Just recently, I found myself settling into a pattern of daily existence. It’s been a long time in coming, since I am prone to making daily To Do lists but then flagrantly ignoring them.
My pattern includes an hour of piano practice, an exercise regime, a writing regime, and an hour or more of reading in the evening. I’ve had the goal of doing this for quite some time, but just within the past day or two did I realize that I have actually incorporated this pattern into my life. And it has nothing to do with To Do lists. It’s just part of my routine now.
It brings to mind a poem by Amy Lowell ntitled “Patterns.” Published originally in 1915, it strikes me as a polemic against war. It’s a story poem related by a woman who is engaged to be married. She is alone in her garden, absorbing the news that her fiancй is dead, killed during the First World War fighting for the Duke of Flanders.
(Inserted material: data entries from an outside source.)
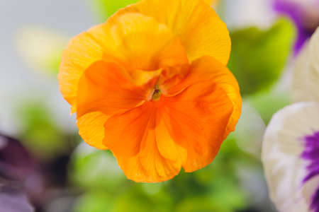 Ruggell, Liechtenstein, April 28, 2021 Macro of a colorful orange flower
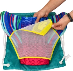 Síťované části a vzdušný materiál pomáhají obsahu rychleji vysychat po plavání, takže je vak připravený k dalšímu použití.
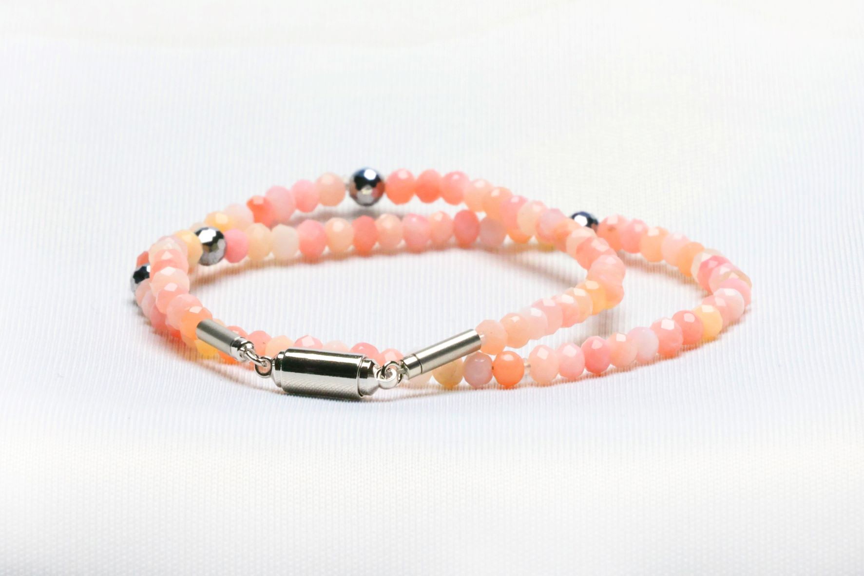 天然石ピンクコモンオパールとテラヘルツを組み合わせて二重巻きにしてかわいらしくスタイリッシュなブレスレットに仕上げました。

She projects herself into the future, mentally declaring she will walk the garden, clothed in the same straight-laced brocade of the time, never loosening herself to someone else, and weeping for the loss.
The last four lines of the lengthy poem read:
For the man who should loose me is dead,
Fighting with the Duke in Flanders,
In a pattern called a war.
Christ! What are patterns for?
I don’t have an answer, except that the pattern that has formed in my life is the antithesis of Amy Lowell’s. I wish that we might have compared notes.